From: Eric Sandeen <sandeen@sandeen.net>
To: John Quigley <jquigley@jquigley.com>
Cc: XFS Development <xfs@oss.sgi.com>
Subject: Re: File system corruption
Date: Thu, 16 Jul 2009 14:20:57 -0500 [thread overview]
Message-ID: <4A5F7D99.4010503@sandeen.net> (raw)
In-Reply-To: <4A5F6C8C.609@jquigley.com>
John Quigley wrote:
> Hey Folks:
>
> I'm periodically encountering an issue with XFS that you might perhaps be interested in. The environment in which this manifests itself is on a CentOS Linux machine (custom 2.6.28.7 kernel), which is serving the XFS mount point in question with the standard Linux nfsd. The XFS file system lives on an LVM device in a striping configuration (2 wide stripe), with two iSCSI volumes acting as the constituent physical volumes. This configuration is somewhat baroque, I know.
>
> I'm experiencing periodic file system corruption, which manifests in the XFS file system going offline, and refusing subsequent mounts. The only way to recover from this has been to perform a xfs_repair -L, which has resulted in data loss on each occasion, as expected.
The log corruption might be related to data reordering somewhere along
your IO path, though I wouldn't swear to it. But often when write
caches are on, barriers are off, and power is lost, this sort of thing
shows up.
> Now, here's what I witness in the system logs:
>
> <snip>
> kernel: XFS: bad magic number
> kernel: XFS: SB validate failed
That's the first error?
> kernel: 00000000: 00 00 00 00 00 00 00 00 00 00 00 00 00 00 00 00 ................

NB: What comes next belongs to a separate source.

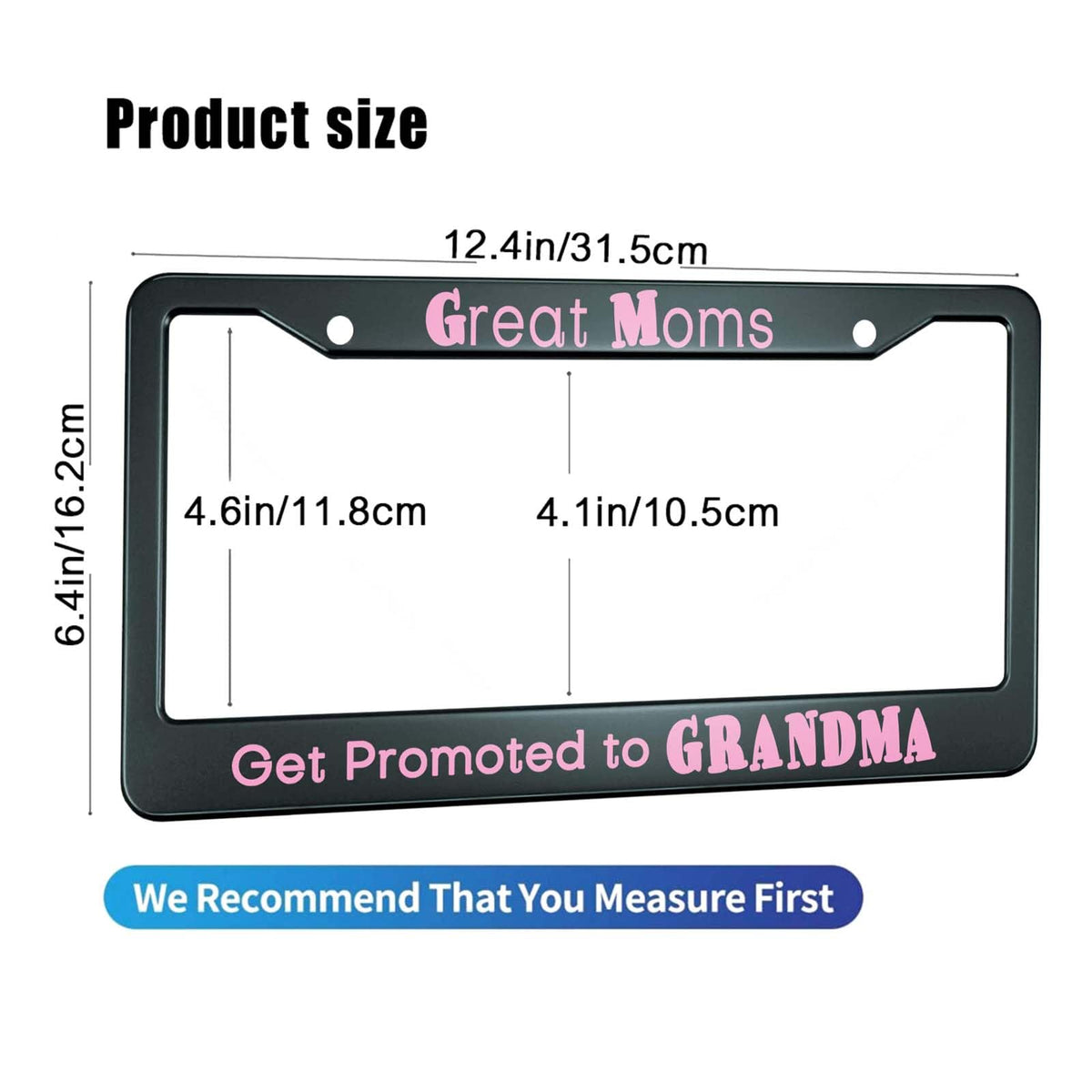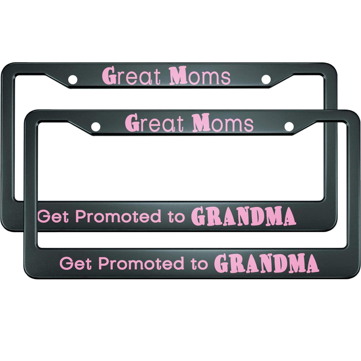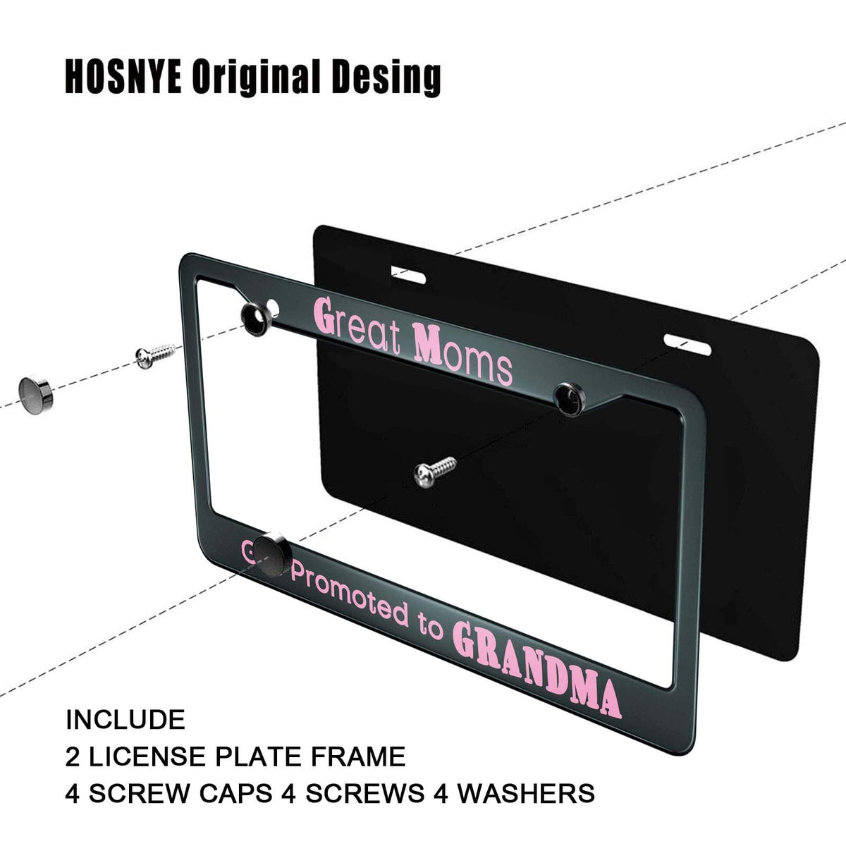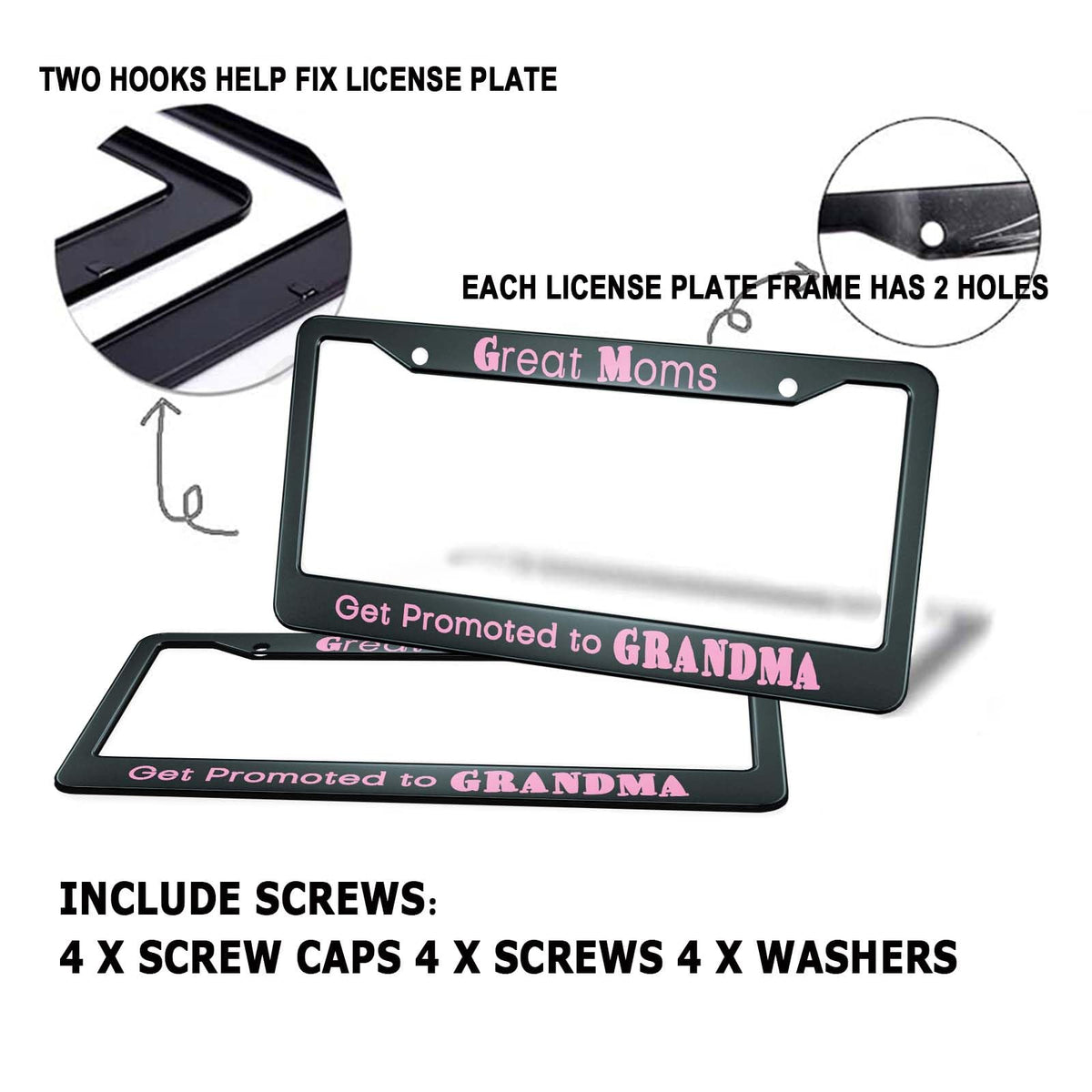 HOSNYE Great Moms Get Promoted to Grandma License Plate Frame Black 2 Pcs Metal Cute Licenses Plates Frames Licenses Plate Cover
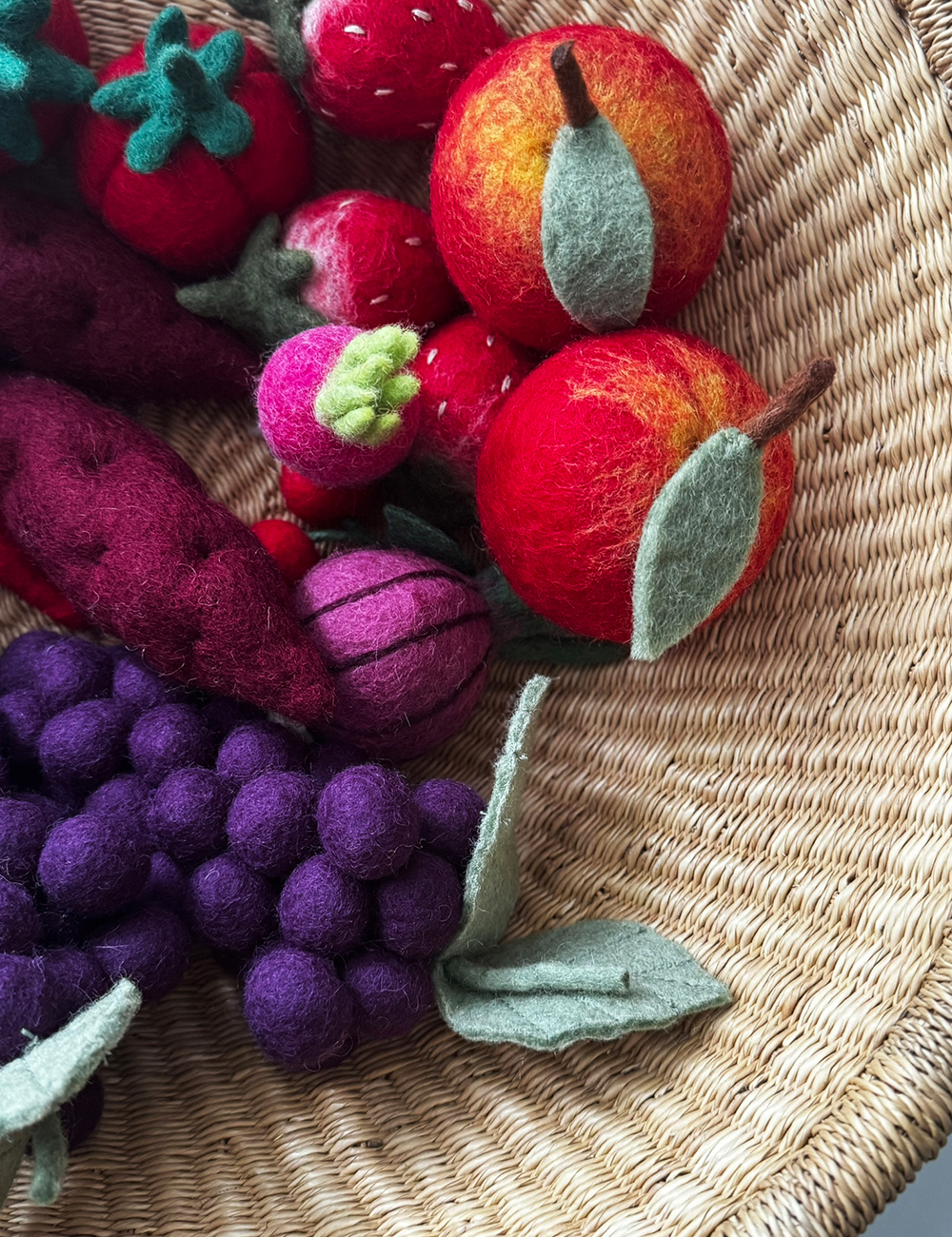 분트의 펠트 과일·야채 시리즈는 작은 손에 쏙 들어오는 사이즈와 도톰하고 부드러운 촉감, 차분한 색감으로 완성된 100% 양모 펠트 교구입니다. 장난감처럼 소리나지 않지만, 아이의 손끝과 상상력은 자연스럽게 반응하게 됩니다. 감각놀이, 소근육 발달, 역할놀이까지 하나의 교구로 유연하게 확장되는 조용한 상상력의 시작점이 되어줄 거예요.

> kernel: Filesystem "dm-0": XFS internal error xfs_ialloc_read_agi at line 1408 of file fs/xfs/xfs_ialloc.c. Caller 0xffffffff8118711a
This means that after you read an agi, it failed a sanity test:
1403 be32_to_cpu(agi->agi_magicnum) == XFS_AGI_MAGIC &&
1404 XFS_AGI_GOOD_VERSION(be32_to_cpu(agi->agi_versionnum));
bad magic number, etc. The "00 00 00 00 ..." is the contents of the
buffer that it thought was the agi, containing all that wonderful magic
- but it's all 0s.
...
> The resultant stack trace coming from "XFS internal error xfs_ialloc_read_agi" repeats itself numerous times, at which point, the following is seen:
>
> <snip>
>
> kernel: 00000000: 00 00 00 00 00 00 00 00 00 00 00 00 00 00 00 00 ................
> kernel: Filesystem "dm-0": XFS internal error xfs_alloc_read_agf at line 2194 of file fs/xfs/xfs_alloc.c. Caller 0xffffffff8115cf09
Similar, but bad info on the AGF:
2184 agf_ok =
2185 be32_to_cpu(agf->agf_magicnum) == XFS_AGF_MAGIC &&
2186
XFS_AGF_GOOD_VERSION(be32_to_cpu(agf->agf_versionnum)) &&
2187 be32_to_cpu(agf->agf_freeblks) <=
be32_to_cpu(agf->agf_length) &&
2188 be32_to_cpu(agf->agf_flfirst) < XFS_AGFL_SIZE(mp) &&
2189 be32_to_cpu(agf->agf_fllast) < XFS_AGFL_SIZE(mp) &&
2190 be32_to_cpu(agf->agf_flcount) <= XFS_AGFL_SIZE(mp);
Again w/ the zeros ...
>
> kernel: Filesystem "dm-0": XFS internal error xfs_trans_cancel at line 1164 of file fs/xfs/xfs_trans.c. Caller 0xffffffff811a9411
...
and then the fs tried to back out of a dirty transaction, which it can't
do, but that's secondary.
> kernel: xfs_force_shutdown(dm-0,0x8) called from line 1165 of file fs/xfs/xfs_trans.c. Return address = 0xffffffff811a348e
> kernel: Filesystem "dm-0": Corruption of in-memory data detected. Shutting down filesystem: dm-0
> kernel: Please umount the filesystem, and rectify the problem(s)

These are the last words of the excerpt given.